Wednesday, September 1, 2010

Technical but True


Did you know that ALL soap is lye soap? Not only that, but much of it contains a ton of plain old lard. Go get a bar of the soap you use now and read the ingredient list. It might scare you just a little. I’m going to go a bit technical on you now, but please keep reading, and then do some research of your own.

Soap is basically foaming salt that is formed by mixing fat and or oil with an alkali, lye. Lye has many pseudonyms: caustic soda, sodium hydroxide or soda lye, potassium hydroxide or potash lye.

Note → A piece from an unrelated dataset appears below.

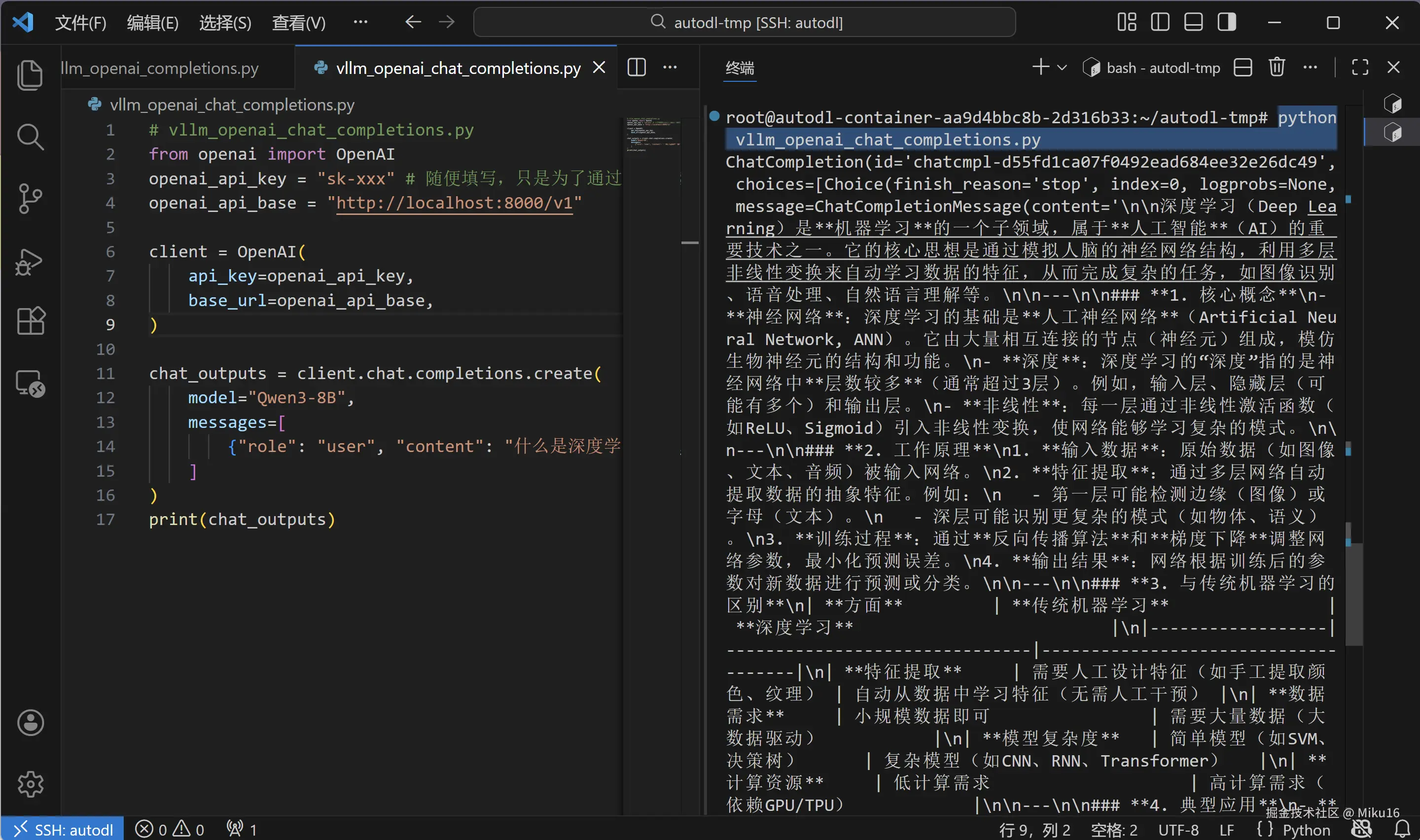 实践日期 :2025年12月23日 vLLM 版本 :0.8.5.post1 模型 :Qwen3-8B 平台 :AutoDL(RTX 4090 24GB) 参考教程 :github.com/datawhalech...

Most liquid soaps are made with potassium hydroxide while most bar soaps are produced with sodium hydroxide, but none the less, lye it is. Lye is usually described on your soap label as sodium tallowate. Sodium tallowate is a naturally occurring result of combining sodium hydroxide (lye) with beef fat, and it is VERY common in commercially available soap. That means when you use a bar of soap containing sodium tallowate, you are washing your face with beef fat and other hard to pronounce elements.

I found a bar of "Irish Spring Original" in my cabinet. Here’s the run down:
"Sodium tallowate, sodium cocoate, and or sodium Palm Kernelate, water, Hydrogenated Tallow acid, Coconut Acid, Glycerin, Fragrance, Sodium Chloride, Pentasodium Pentetate, Pentaerythrityl Tetra-di-t-butyl Hydroxyhydrocinnamate, Titanium Dioxide, D&C Green No. 8, FD&C Green No. 3."

My eyes crossed just trying to read it all. Literally. I had to take a break and look at something else for a minute before I could continue typing it here.

Sodium tallowate is lye and beef fat, but what about Sodium cocoate?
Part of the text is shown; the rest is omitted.